Step 5: Split Text into Chunks

Split the loaded text into smaller chunks to make the summarization model easier to process.

from langchain.text_splitter import CharacterTextSplitter

def split_text(documents):
    text_splitter = CharacterTextSplitter(chunk_size=1024, chunk_overlap=100)
    texts = text_splitter.split_documents(documents)
    return texts

Step 6: Generate Summaries

Use LangChain’s summarization chain to generate summaries from the text chunks.

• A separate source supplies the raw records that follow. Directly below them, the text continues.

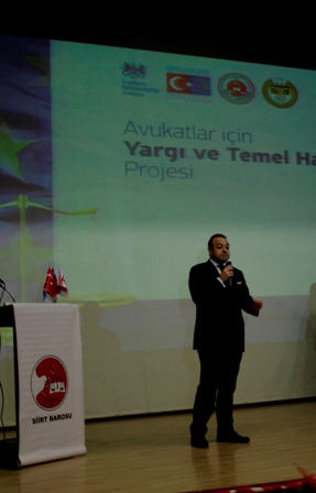Avrupa Birliği Bakanlığı’nın Adalet Bakanlığı ve Türkiye Barolar Birliği ile işbirliği içerisinde yürüttüğü, İngiltere Büyükelçiliği tarafından Avrupa’yı Birleştirme Programı kapsamında desteklenen “Avukatlar için Yargı ve Temel Haklar Projesi’nin dördüncü eğitiminin kapanış töreni 16 Şubat 2013 tarihinde Siirt’te, 200’ü aşkın katılımcıyla gerçekleşti. İki gün süren eğitim programının kapanışına, Avrupa Birliği Bakanı ve Başmüzakereci Egemen BAĞIŞ, Siirt Valisi Ahmet AYDIN, Siirt Belediye Başkanı Selim Sadak, Siirt Milletvekili ve Türkiye - Avrupa Birliği Karma Parlamento Komisyonu Eş Başkanı Afif DEMİRKIRAN, Siirt Milletvekili Osman ÖREN, Türkiye Barolar Birliği Başkan Yrd. Av. Berra BESLER, Avrupa Birliği Bakanlığı Müsteşar Yardımcısı Dr. Mehmet CANGİR, Avrupa Birliği Bakanlığı Siyasi İşler Başkanı Ege ERKOÇAK ve Siirt Barosu Başkanı Av. Mehmet Cemal ACAR katıldı.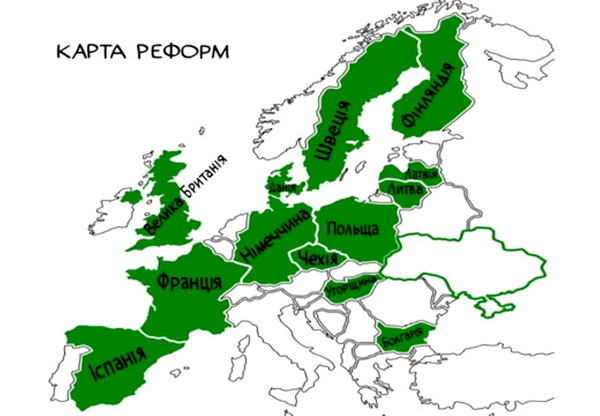 Приклади впровадження реформи на суспільно-важливих сферах життя українців: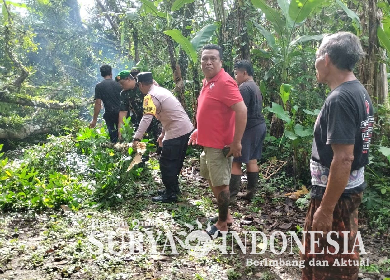 BALI – Badung,Surya Indonesia. Net – Kejadian pohon tumbang kembali terjadi, kali ini di Pura Dalem Alit Banjar Gunung, Desa Taman, Kecamatan Abiansemal, Kabupaten Badung. Kejadian ini disebabkan oleh curah hujan yang cukup tinggi yang disertai angin kencang baru-baru ini. Setelah menerima laporan dari warga tentang kejadian tersebut, Babinsa Desa Taman, Serka I Nyoman Subrata, dengan sigap bersama warga segera turun langsung membantu mengatasi masalah menggunakan alat pemotong pohon serta mengangkut ranting yang patah. Pada Minggu, (28/12/2025).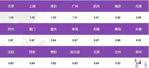 决定薪酬的另一个因素就是毕业生就业所在的城市。毕业生城市薪酬差异系数在一定程度上反映了不同城市间毕业生起薪的差异。调研数据显示,杭州等二线城市毕业生起薪约为一线城市的0.9倍,而兰州等三线城市应届生起薪约为一线城市的0.8倍,而北京、上海则达到1.02倍。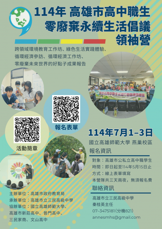 1、紙本寄送報名資料至本市三民高中學務處(高雄市三民區金鼎路81號)。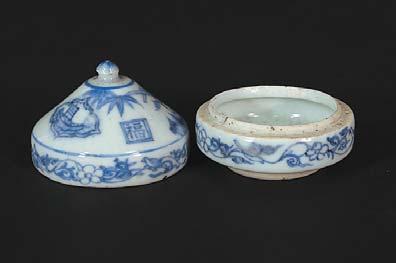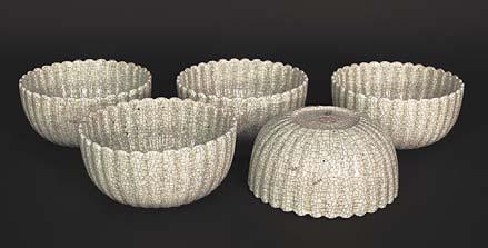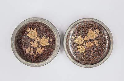 水を溜めて使用する道具類であって、底面ないし器腹に明らかな瑕疵を認める 場合、水が漏れるか事前に確認することがある。確認できた場合はその旨を記 載するが、記載のない作品についての健全性を保証するものではない。
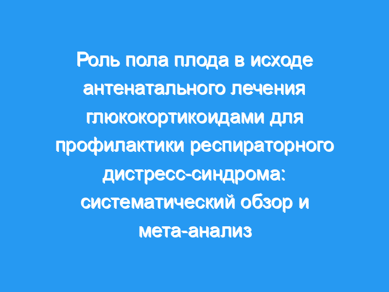 Рассмотреть имеющиеся данные о влиянии пола плода на профилактику RDS с использованием AGC. Метод: Мы провели систематический обзор и мета-анализ РКИ, чтобы сравнить влияние АРУ на младенцев мужского и женского пола в отношении частоты РДС, внутрижелудочковых кровоизлияний (ВЖК) III и IV степеней и неонатальной смертности. Случайные эффекты с 95% доверительными интервалами оценивались в обеих группах, а относительные риски сравнивались с использованием смешанной регрессии.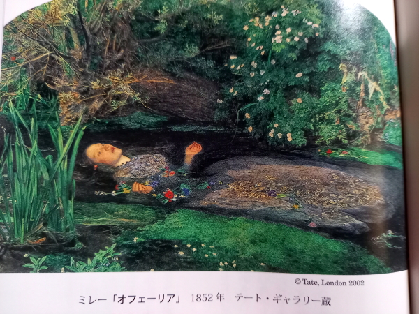 作品「オフェ-リア」はシェ-クスピアの名作「ハムレット」のなかの悲劇の女性オフェ-リアの死に題材をとつた。「恋人のハムレットに父親を殺されたオフェ-リアは錯乱し、小川で木の小枝に花輪をかけようとして枝が折れ、流れに落ちて溺死する。」この情景を再現するため、ミレ-はモデルにこだわった。ラファエル前派の画家が競って描いた女性-愛称がリジ-という18歳の彼女を4ヶ月以上にもわたってバスタブに満たしたお湯のなかでポ-ズをとらせたという。リジ-は若くして肺結核を患い、咳に苦しんだ。「オフェ-リア」が完成してから10年後、28歳で亡くなった。

from langchain.chains.summarize import load_summarize_chain

def generate_summary(texts):
    chain = load_summarize_chain(llm, chain_type="map_reduce")
    try:
        summary = chain.invoke({"input_documents": texts})
        return summary["output_text"]
    except Exception as e:
        print(f"Error generating summary: {e.__class__.__name__}: {str(e)}")
        return None

Step 7: Scrape Top News URLs from Lobsters

Scrape the top news URLs from the Lobsters website.

import requests
from bs4 import BeautifulSoup
from urllib.parse import urljoin

def get_hacker_news_urls(base_url="https://lobste.rs/"):
    headers = {"User-Agent": "Mozilla/5.0"}
    try:
        response = requests.get(base_url, headers=headers)
        response.raise_for_status()
        soup = BeautifulSoup(response.content, 'html.parser')
        links = soup.select('.story_liner .u-url')[:10]
        urls = [urljoin(base_url, link.get('href')) for link in links if link.get('href') and validate_url(urljoin(base_url, link.get('href')))]
        print(f"Fetched {len(urls)} URLs: {urls}")
        return urls
    except requests.RequestException as e:
        print(f"Error fetching news from {base_url}: {e}")
        return []

Here I will select the top 10 news from the lobste.rs site. See the following line of code.

links = soup.select('.story_liner .u-url')[:10]

Step 8: Process News Articles
Combine the functions to load data, split text, and generate summaries for each news article.

def process_news(url):
    documents = load_data_from_web(url)
    if not documents:
        return None

    split_docs = split_text(documents)
    summary = generate_summary(split_docs)
    return summary

Step 9: Automate the Summarization Process

Finally, automate the summarization process for each of the top news articles.

if __name__ == "__main__":
    hacker_news_urls = get_hacker_news_urls()
    for index, url in enumerate(hacker_news_urls, start=1):
        print(f"Processing news {index}: {url}")
        try:
            summary = process_news(url)
            if summary:
                print(f"Summary of news {index}:")
                print(summary)
            else:
                print(f"Failed to generate summary for news {index}")
        except Exception as e:
            print(f"Error processing news {index} from {url}: {e.__class__.__name__}: {str(e)}")
        print("-" * 80)

This “main” entry will call the process_news function, which is responsible for generalizing the summary of the news article. While the process_news function will call generate_summary function to generate the summary.

Conclusion

In this blog post, we’ve demonstrated how to automate the summarization of tech news using LangChain. By scraping news articles from Lobste and leveraging DeepSeek’s language models, you can see how easy it is to utilize the Langchain modules to do things like “Load web data” and “Generate summaries”.

If you are keen on how to use an AI framework like LangChain to do something intelligent or automate something for your daily life, this is a good starting point. I hope you enjoy it so far! If you have any comments or feedback, please leave a message to me.